Hattie Cotton Elementary

A Hotbed for the Struggle to Integrate Schools

A small Nashville School found itself in the middle of one of America's darkest hours.

Hattie Cotton Elementary School was built in 1950 and found itself in the middle of the Civil Rights movement only a few years later. In 1957, in response to the Civil Rights Movement and the Supreme Court decision in Brown vs. the Board of Education, Nashville Public Schools introduced a “stair step plan” in which schools would gradually integrate its schools. The plan would start with the first grade, adding another grade each year until all grades became fully integrated. This was not well received by people who felt schools should be separated by skin color, specifically a man named John Kasper. Kasper instigated riots in Nashville and threatened African American families and parents enrolling their children in formerly white schools. Allegedly, Kasper told a close friend that the school would be blown up with dynamite.

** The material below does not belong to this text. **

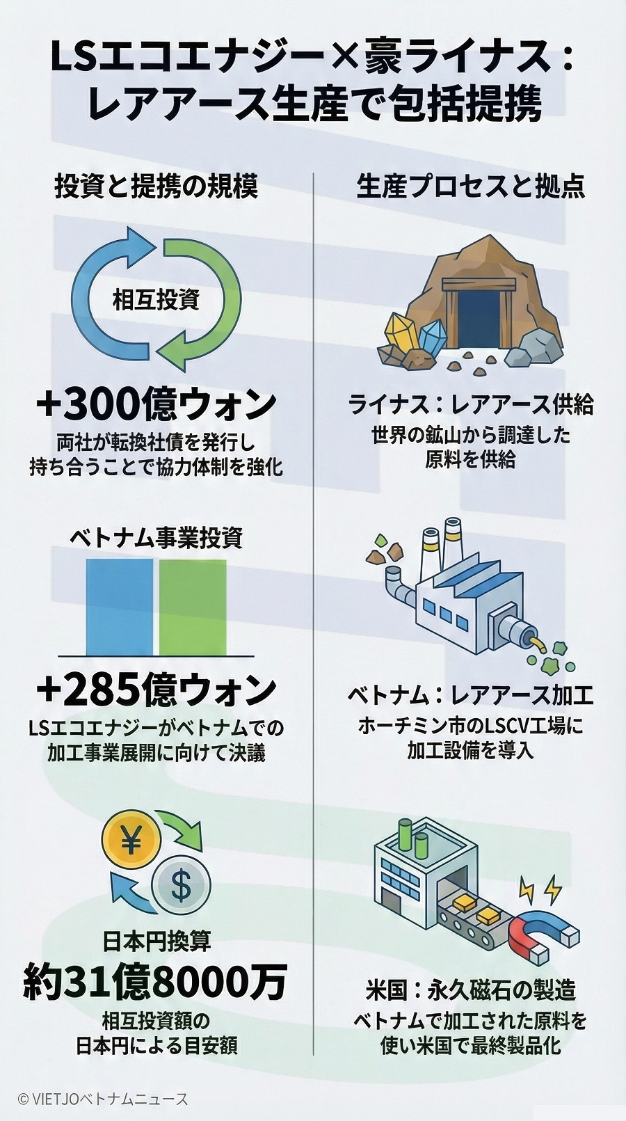 世界の鉱山会社からレアアースの供給を受けて加工し、永久磁石を製造する。加工はベトナム、永久磁石の製造は米国で行う。ベトナムにおいては、LSエコエナジーが子会社を設立して加工に当たる。両社はレアアースの調達から永久磁石の製造に至る協力体制を構築して徐々に事業規模を広げ、世界でのシェアを拡大していきたい考えだ。

Despite the heated environment, the Nashville City government, including the police chief, said it was safe for children and teachers to go to school. Despite that assurance, children and teachers were hit with rocks by rioters while entering schools across Nashville. Just past midnight on September 10, 1957, an explosion ripped through the main hallway of Hattie Cotton. The police raided Kasper’s apartment within minutes of the explosion, finding him asleep and claiming to be unaware of the explosion. The fire department concluded over one hundred sticks of dynamite triggered by an electric cap had caused the explosion, but the police could never find enough proof that Kasper had caused the explosion. Sixty years later, there is still no known perpetrator of the explosion.

Today, Hattie Cotton is a prominent STEM school in East Nashville. Serving Pre-K through 4th grade, the school offers learning activities designed to meet the demands of an increasingly competitive world.